Instructions for the task
A faithful transcript of every entry is required; pictures do not belong in it.
**** Supplied information ****
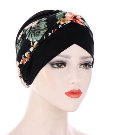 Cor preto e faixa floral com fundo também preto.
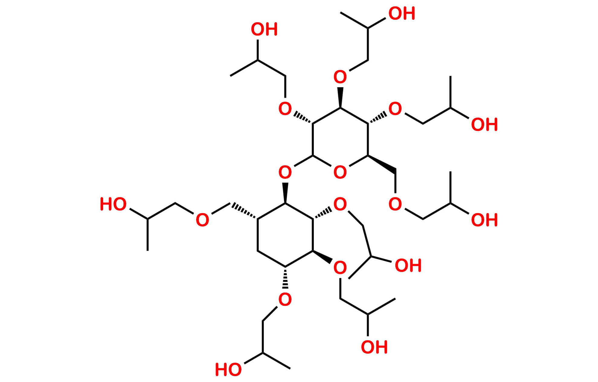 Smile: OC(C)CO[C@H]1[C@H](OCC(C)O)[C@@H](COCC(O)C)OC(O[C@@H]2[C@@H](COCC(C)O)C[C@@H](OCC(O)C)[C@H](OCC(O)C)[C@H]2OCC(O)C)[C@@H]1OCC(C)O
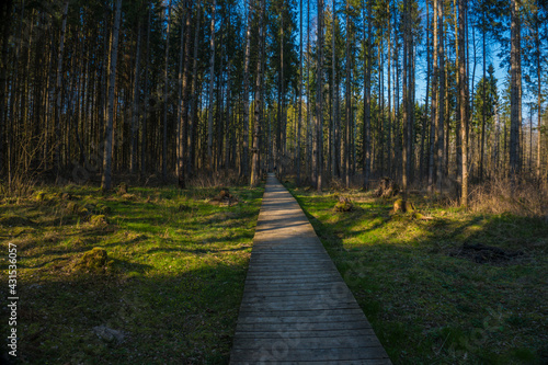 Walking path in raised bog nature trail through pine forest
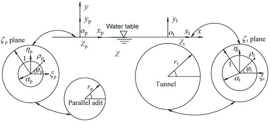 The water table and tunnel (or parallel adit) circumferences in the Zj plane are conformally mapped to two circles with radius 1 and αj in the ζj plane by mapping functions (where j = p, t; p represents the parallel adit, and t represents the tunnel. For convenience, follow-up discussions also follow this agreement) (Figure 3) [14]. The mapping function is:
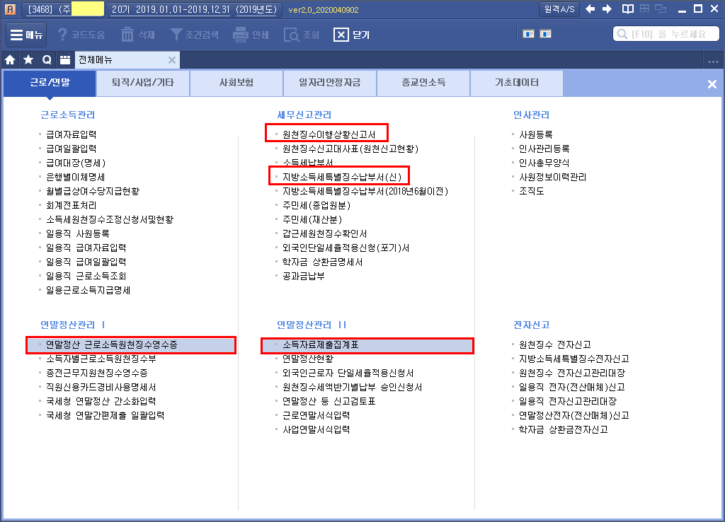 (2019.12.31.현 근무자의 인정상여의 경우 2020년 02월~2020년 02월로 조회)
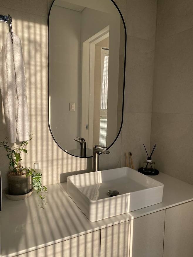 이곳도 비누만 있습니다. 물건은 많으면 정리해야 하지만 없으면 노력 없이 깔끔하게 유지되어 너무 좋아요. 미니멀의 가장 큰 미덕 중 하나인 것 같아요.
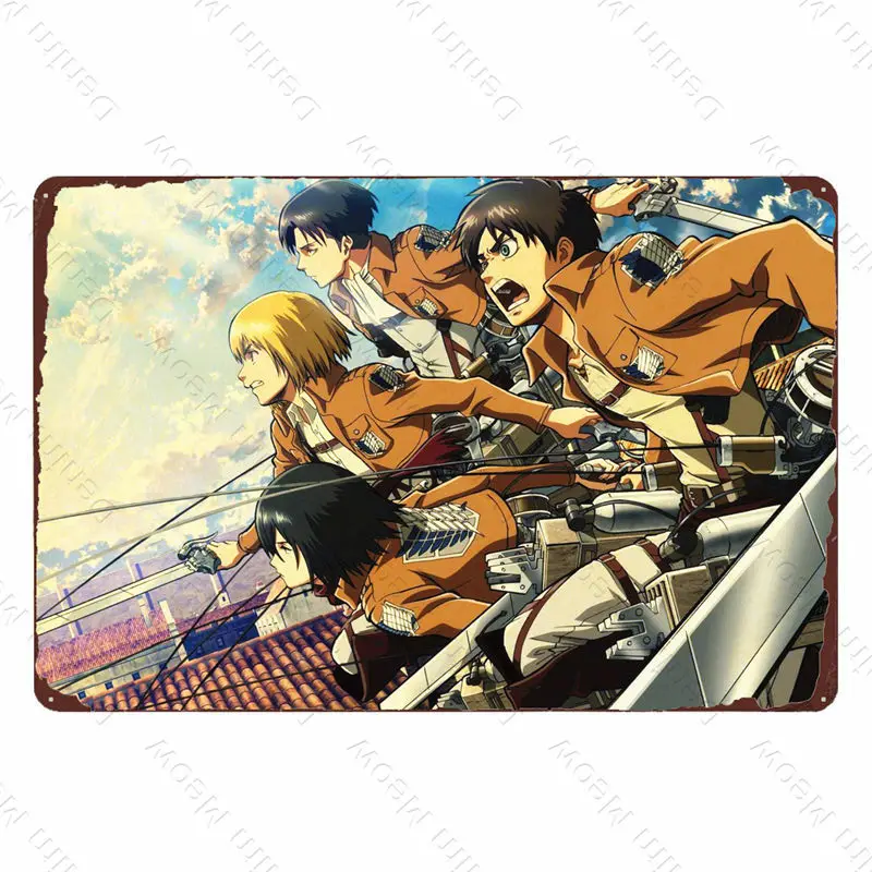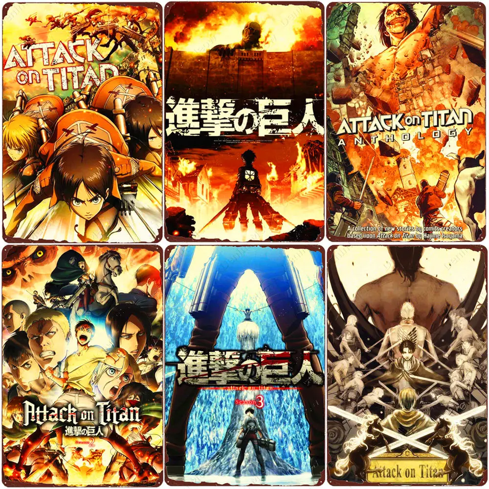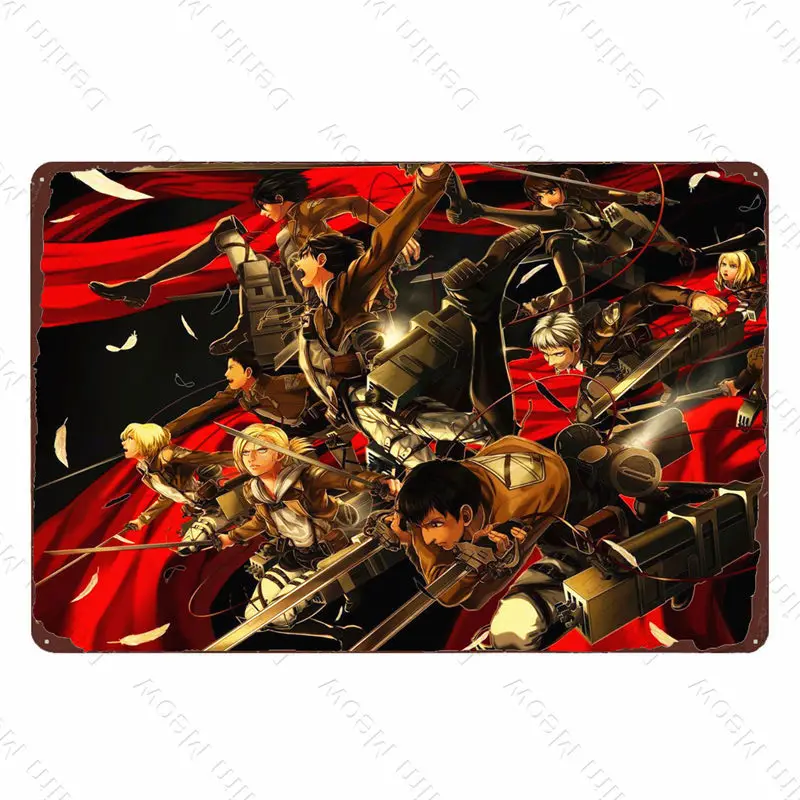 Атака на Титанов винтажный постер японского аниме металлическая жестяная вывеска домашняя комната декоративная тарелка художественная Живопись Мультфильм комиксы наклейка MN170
****
Solved exercise
 Cor preto e faixa floral com fundo também preto.
 Smile: OC(C)CO[C@H]1[C@H](OCC(C)O)[C@@H](COCC(O)C)OC(O[C@@H]2[C@@H](COCC(C)O)C[C@@H](OCC(O)C)[C@H](OCC(O)C)[C@H]2OCC(O)C)[C@@H]1OCC(C)O
 Walking path in raised bog nature trail through pine forest
 The water table and tunnel (or parallel adit) circumferences in the Zj plane are conformally mapped to two circles with radius 1 and αj in the ζj plane by mapping functions (where j = p, t; p represents the parallel adit, and t represents the tunnel. For convenience, follow-up discussions also follow this agreement) (Figure 3) [14]. The mapping function is:
 (2019.12.31.현 근무자의 인정상여의 경우 2020년 02월~2020년 02월로 조회)
 이곳도 비누만 있습니다. 물건은 많으면 정리해야 하지만 없으면 노력 없이 깔끔하게 유지되어 너무 좋아요. 미니멀의 가장 큰 미덕 중 하나인 것 같아요.
 Атака на Титанов винтажный постер японского аниме металлическая жестяная вывеска домашняя комната декоративная тарелка художественная Живопись Мультфильм комиксы наклейка MN170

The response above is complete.